The North American Industry Classification System or NAICS () is a classification of business establishments by type of economic activity (the process of production). It is used by government and business in Canada, Mexico, and the United States of America.  It has largely replaced the older Standard Industrial Classification (SIC) system, except in some government agencies, such as the U.S. Securities and Exchange Commission (SEC).

An establishment is typically a single physical location, though administratively distinct operations at a single location may be treated as separate establishments.  Each establishment is classified as an industry according to the primary business activity taking place there.  NAICS does not offer guidance on organizing enterprises (companies) composed of multiple establishments.

Codes

The NAICS numbering system employs a five or six-digit code at the most detailed industry level. The first five digits are generally (although not always strictly) the same in all three countries. The first two digits designate the largest business sector; the third digit represents the subsector; the fourth digit represents the industry group; the fifth digit designates the NAICS industries, and the sixth digit represents the national industries.

History

NAICS is a collaborative effort by Mexico's Instituto Nacional de Estadística y Geografía (INEGI), Statistics Canada, and the United States Office of Management and Budget (OMB), through its Economic Classification Policy Committee (ECPC), staffed by the Bureau of Economic Analysis (BEA), the Bureau of Labor Statistics (BLS), and the Census Bureau. The system is designed to be largely compatible with the United Nations Statistical Office's International Standard Industrial Classification system (ISIC).  NAICS versions are released every five years.

With the first version, released in 1997, NAICS offered enhanced service sector coverage relative to the SIC. The 2002 revision accommodated significant changes in the Information Sector.  The 2012 revision slightly reduced the number of industries and modified six sectors.

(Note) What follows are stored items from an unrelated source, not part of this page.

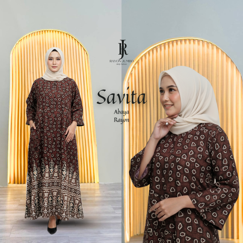 Savita Gamis Jumbo LD 140 Rayon Premium Resleting Depan - Abaya Batik Elegan Kondangan Pengajian
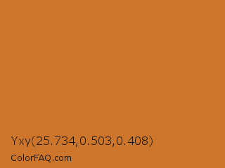 Yxy 25.734,0.503,0.408 Color is a normal orange color and the nearest color is Ochre #cc7722. Hex code #cc752b and RGB value is rgb(204,117,43). In RGB color space, this color is composed of 80% red, 46% green, 17% blue, In CMYK color space, this color is composed of 0% cyan, 43% magenta, 79% yellow , 20% black , In HSL color space, this color has a hue angle of 28° , 65% saturation and 48% lightness.
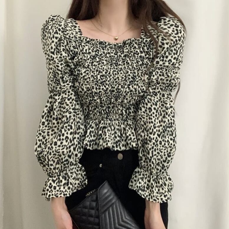 レオパード柄シャーリングブラウス レディース トップス プルオーバー シャツ アニマル柄 レオパード柄 ヒョウ柄 ブラウス シャーリング 長袖 スクエアネック パフスリーブ 袖口フリル 総柄 イエロー ホワイト オシャレ シンプル 可愛い キレイめ 上品 フェミニン シック ハンサム マニッシュ カジュアル デイリー おでかけ 普段着 スマート 細見え スタイルアップ 高見え 新鮮 主役級 鮮度アップ 上級者 ゆったり 体型カバー インスタ映え トレンド
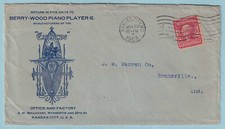 UNITED STATES ADVERTISING COVER - BERRY-WOOD PIANO PLAYER CO. KANSAS CITY - B907
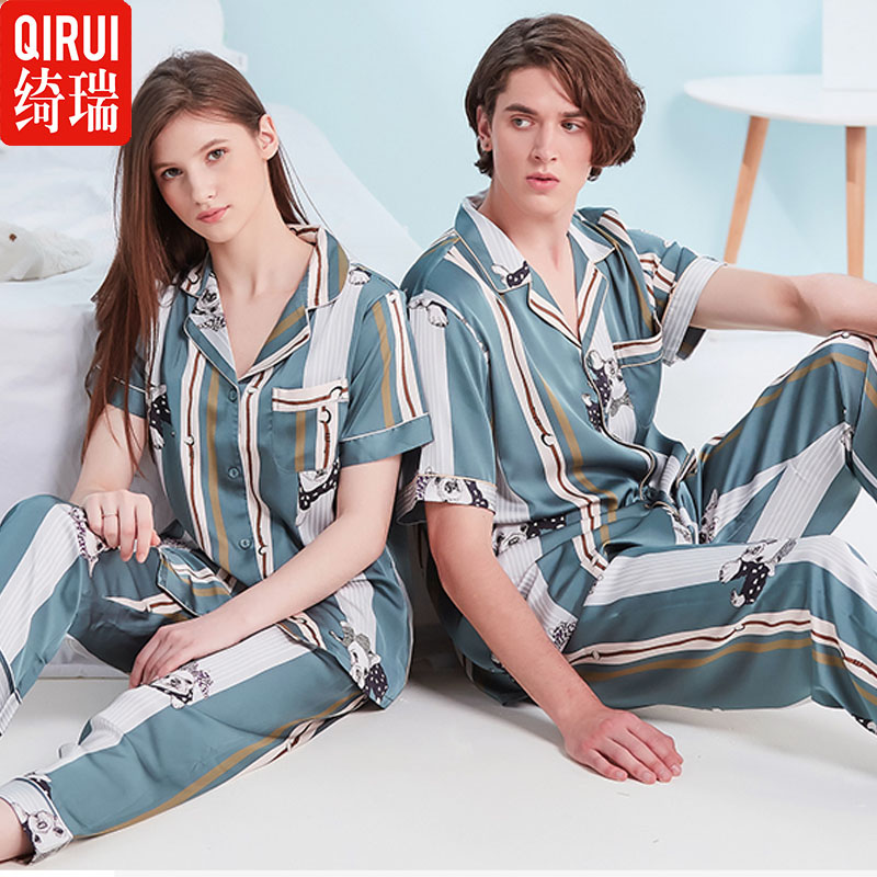绮瑞绮瑞情侣睡衣夏季男女长裤短袖仿丝睡衣套装薄款开衫可外穿家居服AK12807
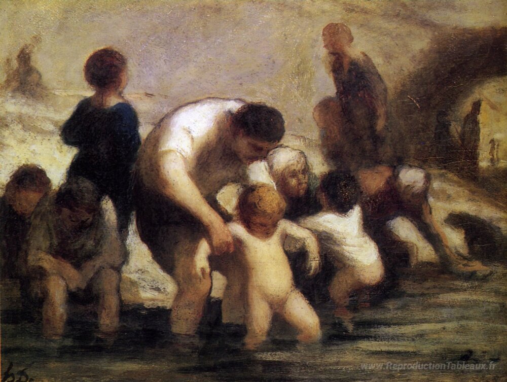 Nous vous proposons une reproduction artisanale sur toile du célèbre tableau 'Les enfants avec le bain' de Honore Daumier, provenant du Musée de la Reproduction.
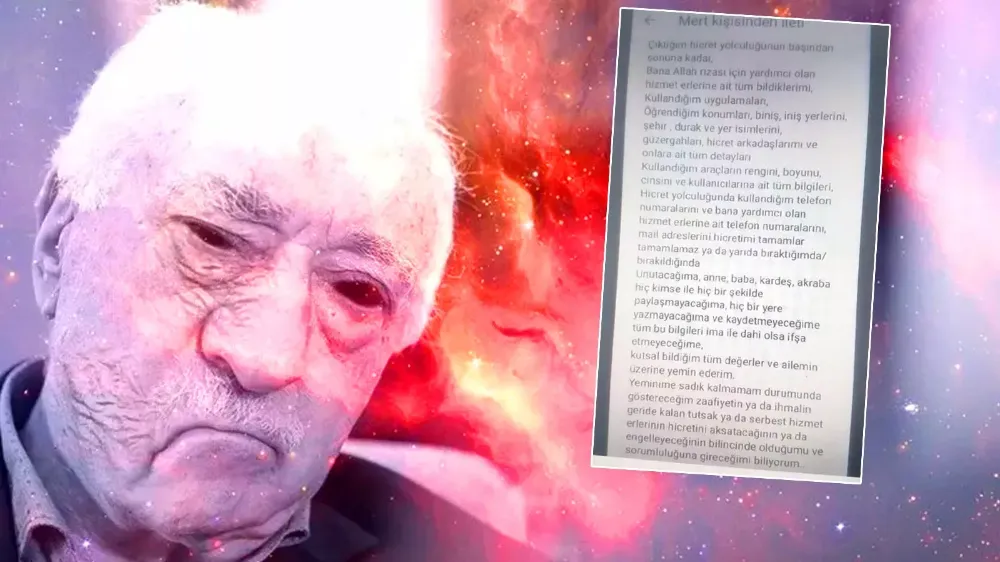 Sabah’ta yer alan habere göre, bu doküman ve yöntemlerin başka kişilerle paylaşılmaması için hazırlanan bir "yemin metni" de bulundu. FETÖ üyesi ifadesinde; Mert adlı kişinin Signal üzerinden 'yemin metni'ni göndererek aradığını ve metnin tamamını telefonda sesli okumasını istediğini anlattı.

NAICS changes/updation are done at intervals of five years; the latest NAICS updated in 2022.

See also
 International Standard Industrial Classification
 Standard Industrial Classification (SIC)
 North American Product Classification System (NAPCS)
 Global Industry Classification Standard
 Statistical Classification of Economic Activities in the European Community
 Thomson Reuters Business Classification

Notes

References

Further reading

External links
 Trilateral NAICS site
 United States Census NAICS
 Statistics Canada NAICS
 Mexico SCIAN
 Historical NAICS changes

Analogues in other countries
 Russian Economic Activities Classification System (OKVED) 
 Standard Industrial Classification (South Africa)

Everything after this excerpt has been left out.